Издали казалось, забурлила вся долина Кампо Реаль. Внезапно отовсюду начали появляться темные лица, поднимались потрясенные головы работников, зашевелились потные тела и кинулись со всех ног. Все хотели увидеть и собирались в одно место: обрыву горы, срезанной на пике, к краю торчащих, как кинжалы, камней, где стоял словно окаменевший Ренато Д`Отремон.

– Ренато… Ренато! – позвала донья София, подойдя в сопровождении священника.

– Не смотри, мама, не смотри!

Ренато схватил донью Софию, отвел к священнику, который поддержал ее. С ужасом на бледном лице он снова посмотрел вниз.
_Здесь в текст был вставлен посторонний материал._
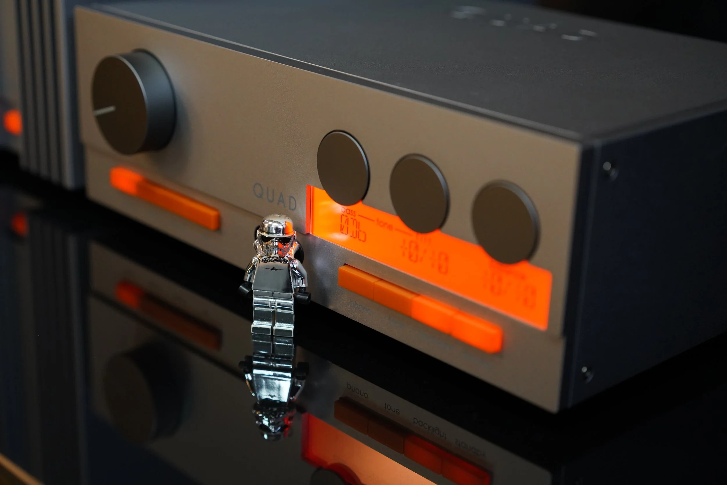 The original Quad 33 is visually iconic, with its compact, cube-like chassis and distinctive silver and orange finish. It embodies the minimalist, functional aesthetic of the 1960s, emphasizing ease of use and modularity.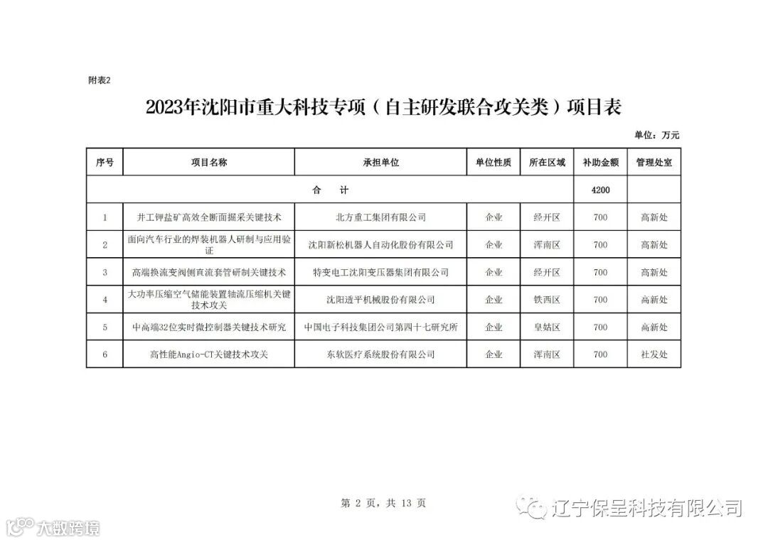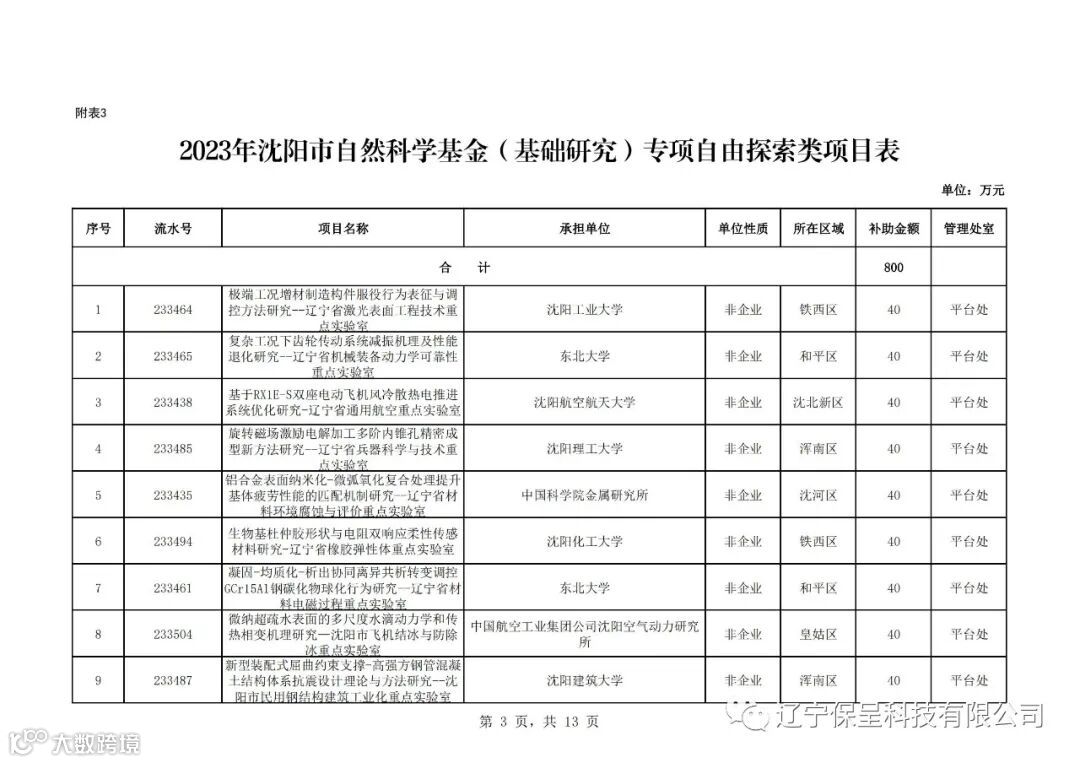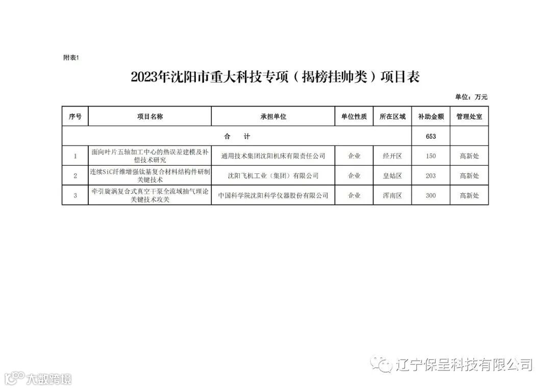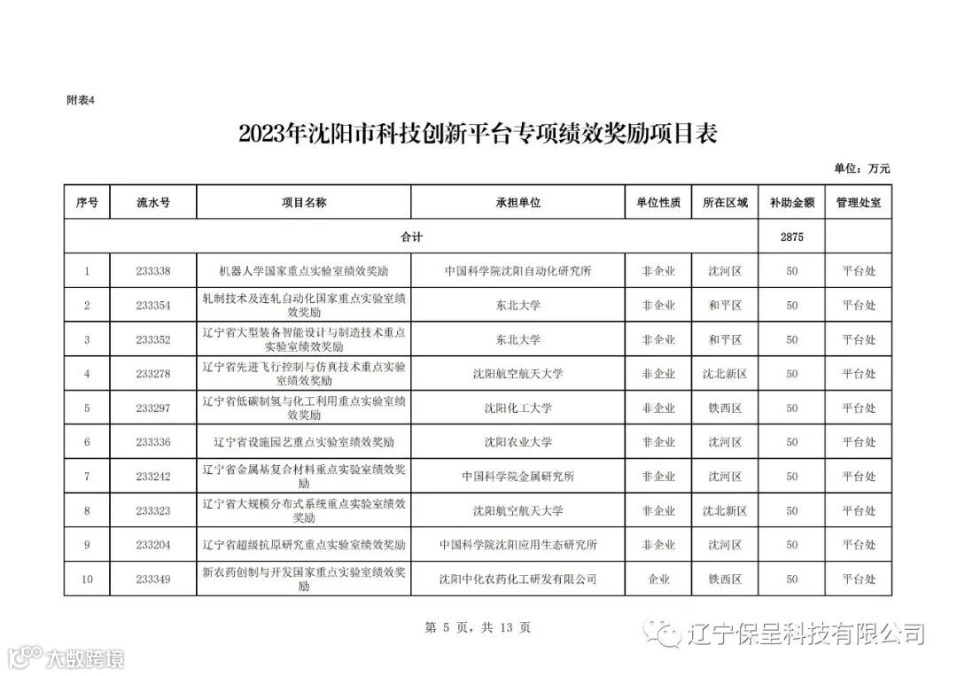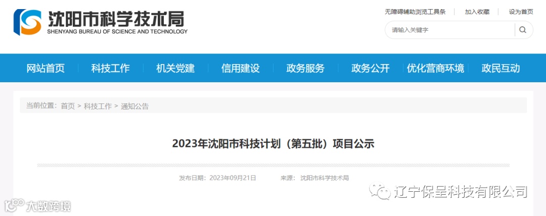 保呈快讯内容:关于《2023年沈阳市科技计划(第五批)项目公示》-内容分享

Обломанные ветки, свалившиеся кусты, камни, которые скатились за падающими двумя телами, а в страшной глубине, напротив недоступного выступа, – кровавая неподвижная масса.

– Баутиста, Баутиста! – отчаянно позвала София. – Найди веревки, лестницы. Позови людей. Нужно спуститься туда. Возможно, она еще жива…

– Нет, мама, невероятно, чтобы она смогла выжить. Никто бы не выжил!

– В любом случае нужно спуститься. Она Д`Отремон. Ее тело не может там оставаться. Ее труп не может гнить там, как животное, в глубине этих скал. Она должна была родить тебе сына, Ренато, родить сына. По крайней мере, у нее есть право на христианское погребение! Нужно вызволить ее тело!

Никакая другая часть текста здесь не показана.